Lu, Y, Hu, W, Song, Q, Wang, Q
Journal of interventional cardiology. 2020;:3293587
Abstract
PURPOSE To evaluate the efficacy and safety of nicorandil for periprocedural myocardial injury in patients undergoing PCI through meta-analysis of randomized controlled trials. METHODS We analyzed the clinical data of patients including the incidence of periprocedural myocardial injury (PMI) and major adverse cardiovascular events (MACE) from selected articles. RCTs were retrieved from medical literature databases. RR and 95% confidence intervals (CI) were calculated to compare the endpoints. RESULTS In total, 15 articles (16 trial comparisons) were retrieved which contained 2221 patients.
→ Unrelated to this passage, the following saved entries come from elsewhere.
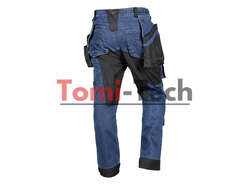 Pracovné nohavice z džínsoviny, s výstužou z Cordury, veľkosť L, zloženie materiálu: 82 % bavlna, 16 % polyester, 2 % elastan, gramáž: 400 g/m2, tmavomodrá, multifunkčné vrecká s výstužami, elastický pás, pútko na náradie, výstuhy na vreckách, kolenách, dolnej časti nohavíc a chrbte, vrecká na chrániče kolien, profilované kolená, odnímateľné vrecká s puzdrom, menovka, certifikát CEDodatočné parametre
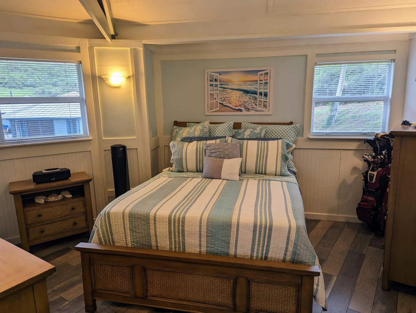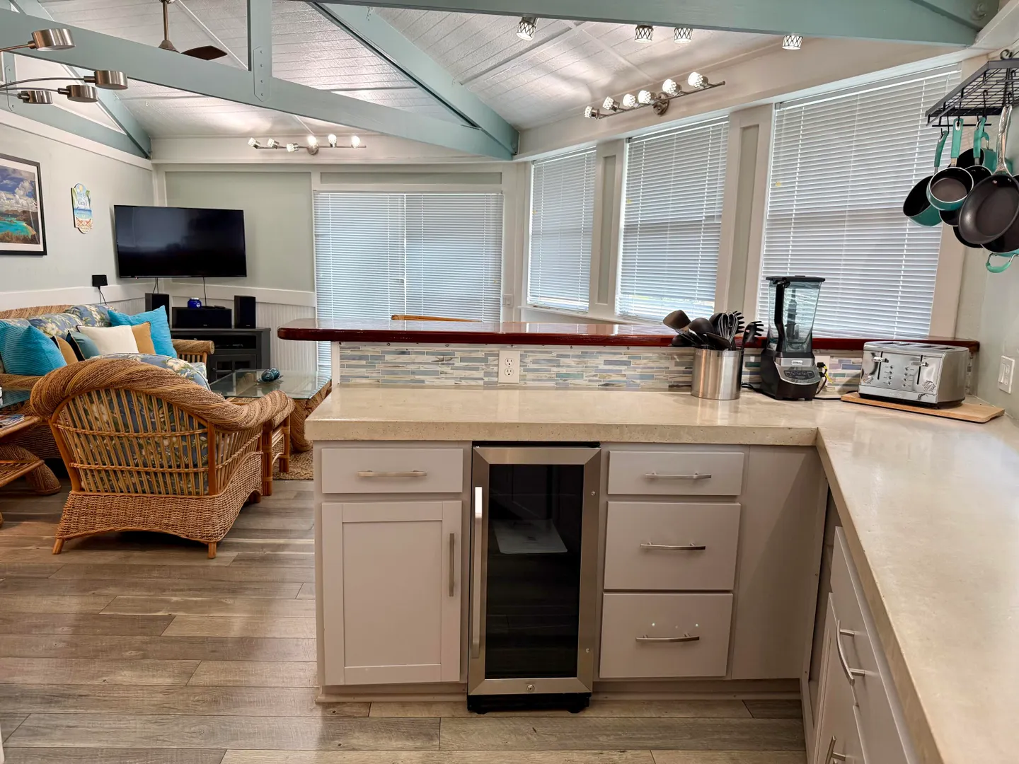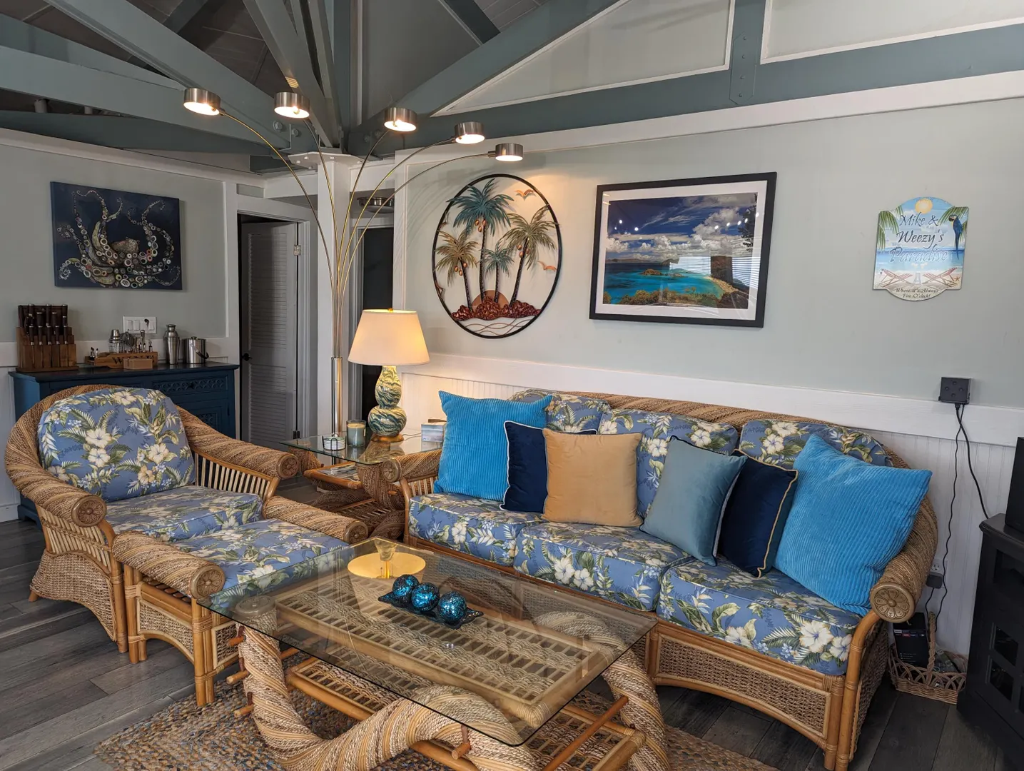 This beautifully furnished, meticulously kept, 2 bedroom/2 bathroom home on the East End of St Croix has a spacious porch to enjoy the Caribbean Sea views. The newly renovated kitchen is fully equipped with everything you could need including a window to easily pass a drink out to the outdoor bar. This rental includes a window AC in each bedroom, washer and dryer, and a sound system with indoor and outdoor speakers. WAPA with a cap of $300/month, internet, landscaping and pest control is included in rent.
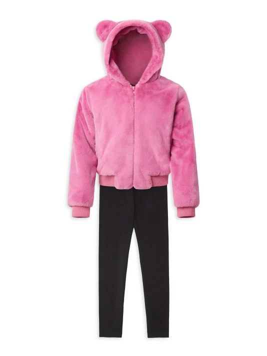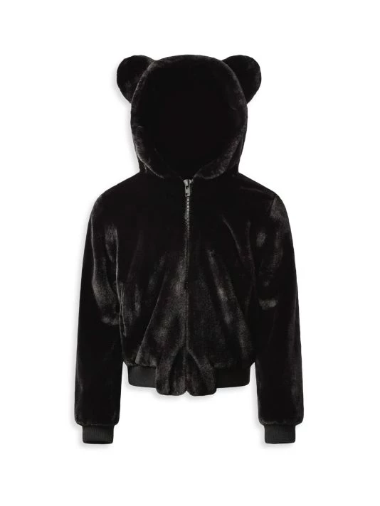 This bomber jacket in a faux fur finish is upgraded with ear details on the hood.
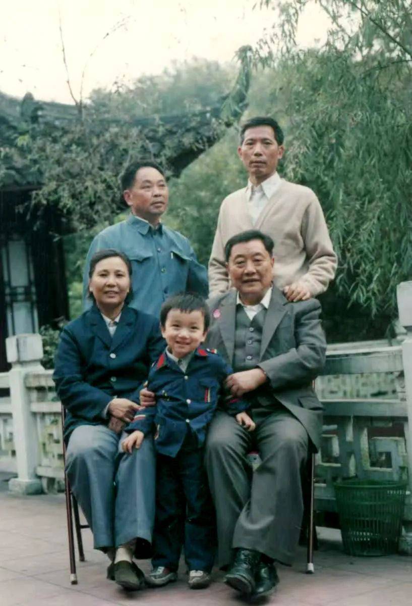 1988年,徐敬三、魏国华夫妇携外孙陆宇峰(前中)与时任海军广州基地政委魏伯良少将(后右)在乐山留影。

In general, 1130 patients (50.9%) were randomized to the experimental group, whereas 1091 patients (49.1%) were randomized to the control group. The result showed that nicorandil significantly reduced the incidence of PMI and MACE after PCI compared to the control group. CONCLUSIONS Overall, early use of nicorandil in patients undergoing percutaneous coronary intervention (PCI) was associated with a significant reduction of PMI and MACE.